DATA SHOWN ▸
>>
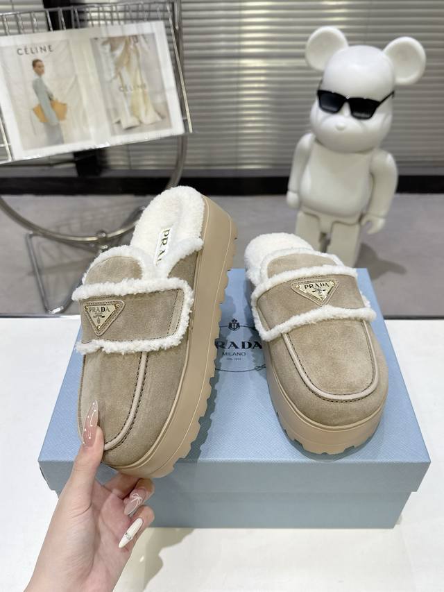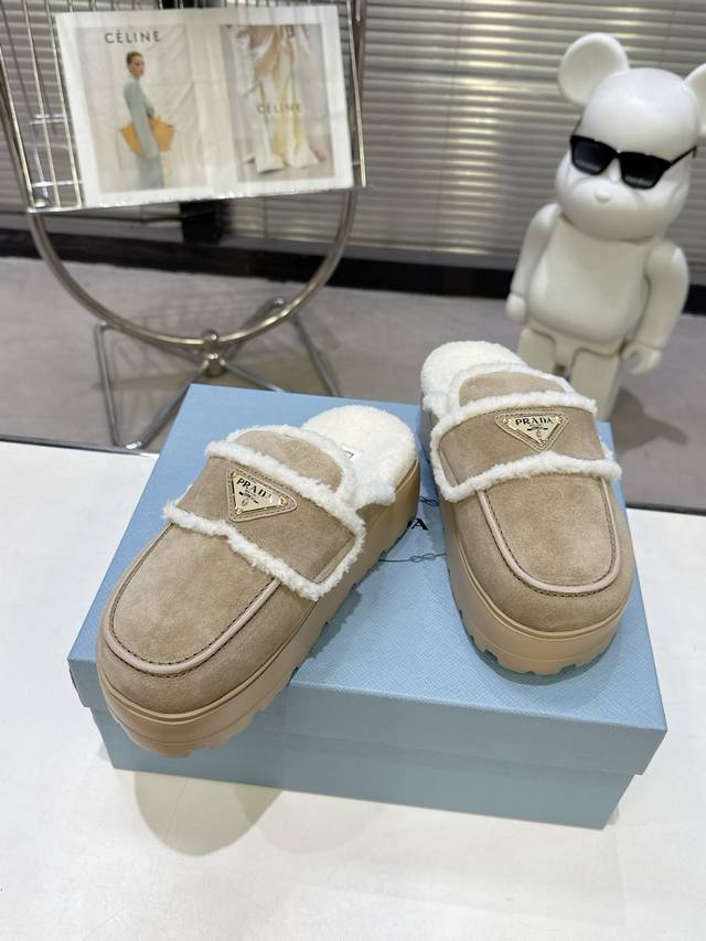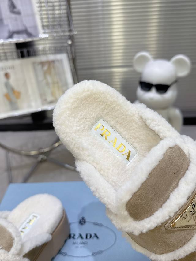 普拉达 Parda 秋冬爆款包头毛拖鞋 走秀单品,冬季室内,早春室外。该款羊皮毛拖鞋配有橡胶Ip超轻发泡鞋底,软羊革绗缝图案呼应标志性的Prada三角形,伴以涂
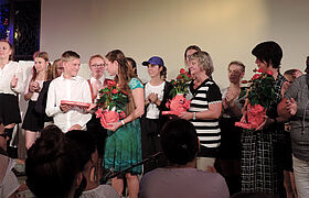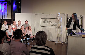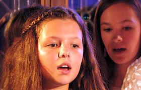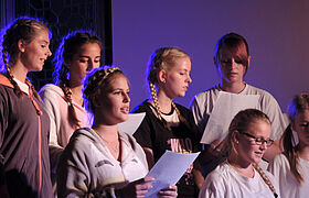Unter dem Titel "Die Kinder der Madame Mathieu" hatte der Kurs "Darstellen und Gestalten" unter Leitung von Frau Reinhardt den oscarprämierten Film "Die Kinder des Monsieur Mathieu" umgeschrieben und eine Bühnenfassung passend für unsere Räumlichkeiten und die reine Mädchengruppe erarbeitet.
<<
>>
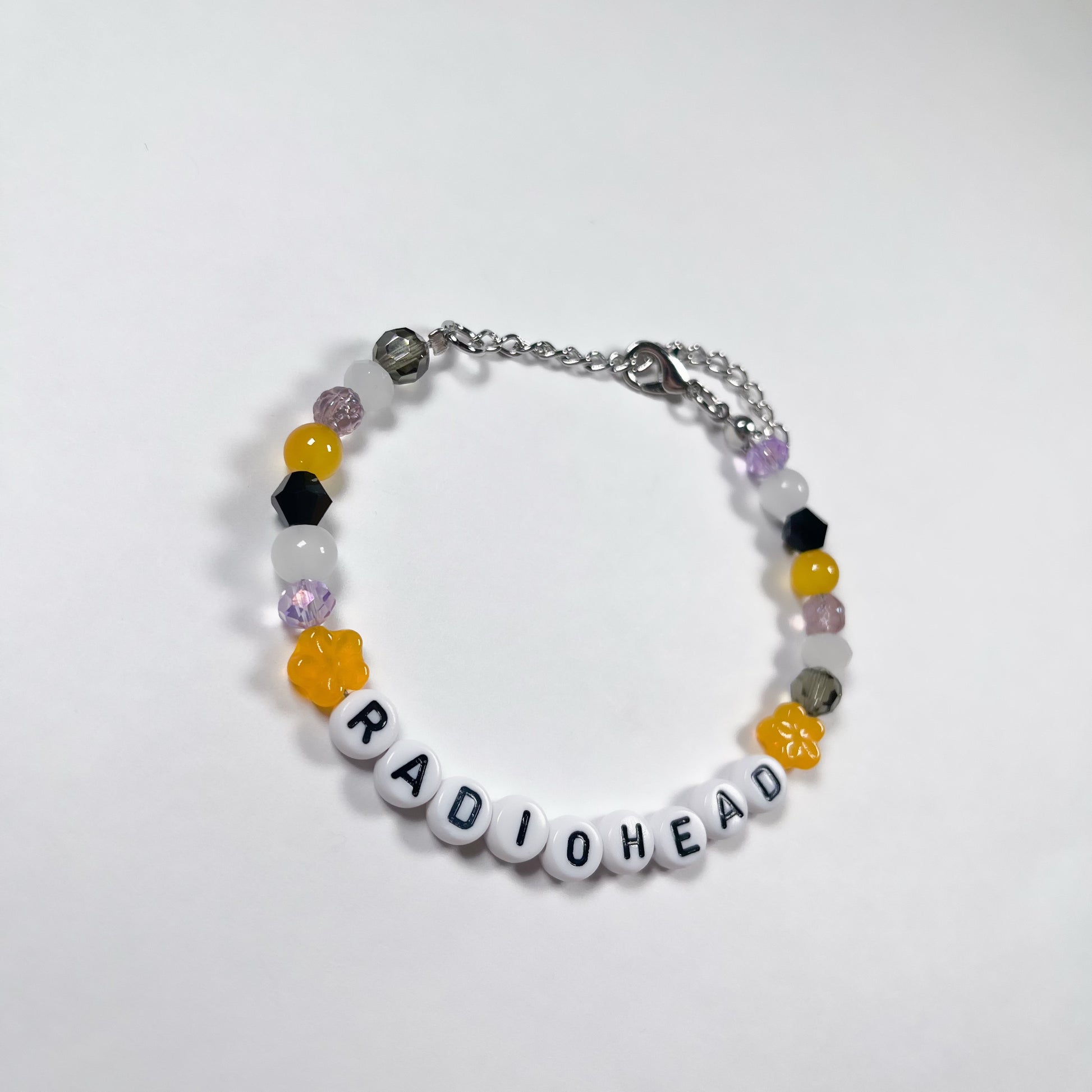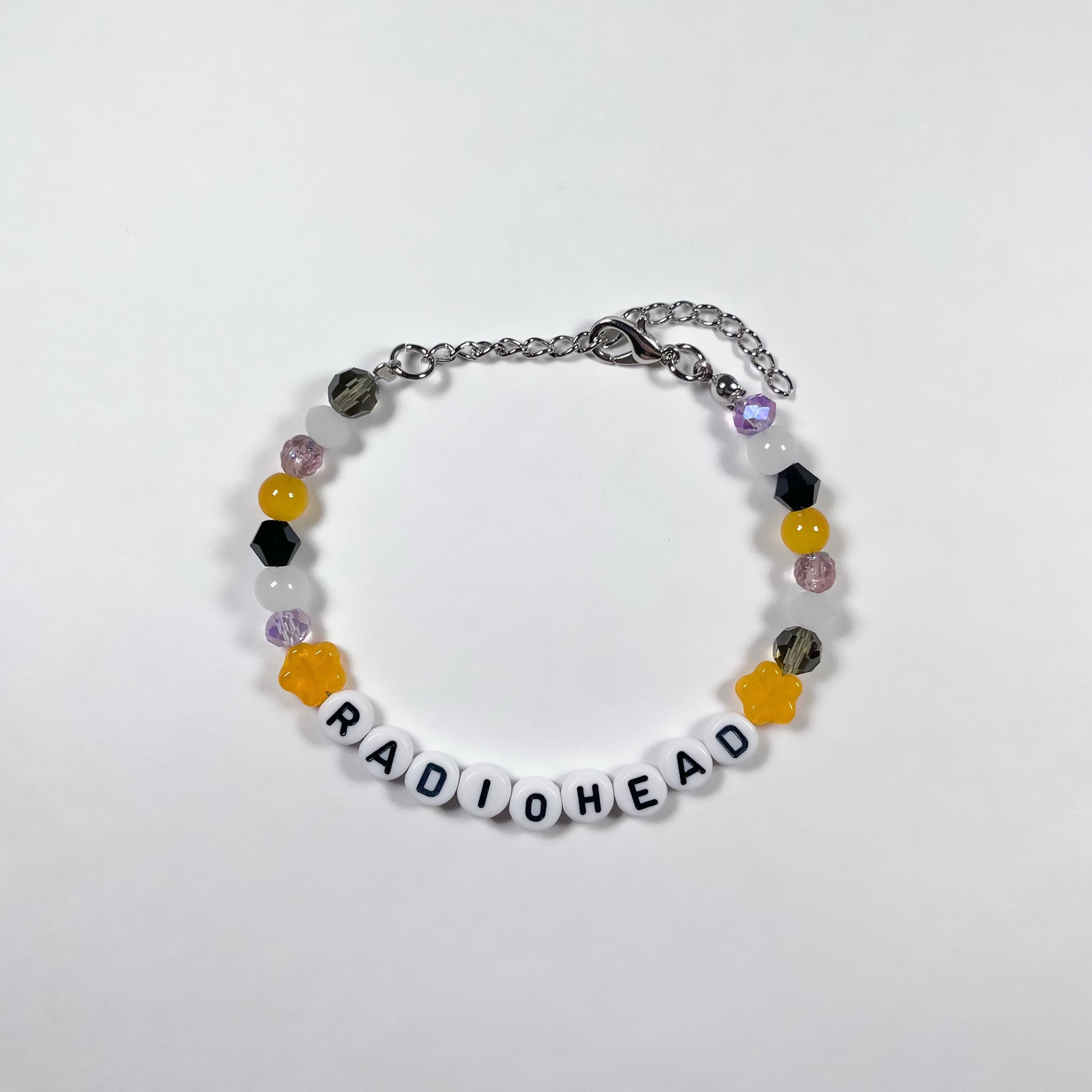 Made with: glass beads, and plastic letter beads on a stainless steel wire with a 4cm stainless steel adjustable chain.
<<
>>
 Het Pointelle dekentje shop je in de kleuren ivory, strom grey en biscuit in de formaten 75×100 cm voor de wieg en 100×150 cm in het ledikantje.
<<
ACTIVITY ▸
Word for word, write out the lines above running from the one with "普拉达 Parda 秋冬爆款包头毛拖鞋" up to and including the one with "Unter dem Titel". Drop any picture.

YOUR SOLUTION ▸
 普拉达 Parda 秋冬爆款包头毛拖鞋 走秀单品,冬季室内,早春室外。该款羊皮毛拖鞋配有橡胶Ip超轻发泡鞋底,软羊革绗缝图案呼应标志性的Prada三角形,伴以涂
Unter dem Titel "Die Kinder der Madame Mathieu" hatte der Kurs "Darstellen und Gestalten" unter Leitung von Frau Reinhardt den oscarprämierten Film "Die Kinder des Monsieur Mathieu" umgeschrieben und eine Bühnenfassung passend für unsere Räumlichkeiten und die reine Mädchengruppe erarbeitet.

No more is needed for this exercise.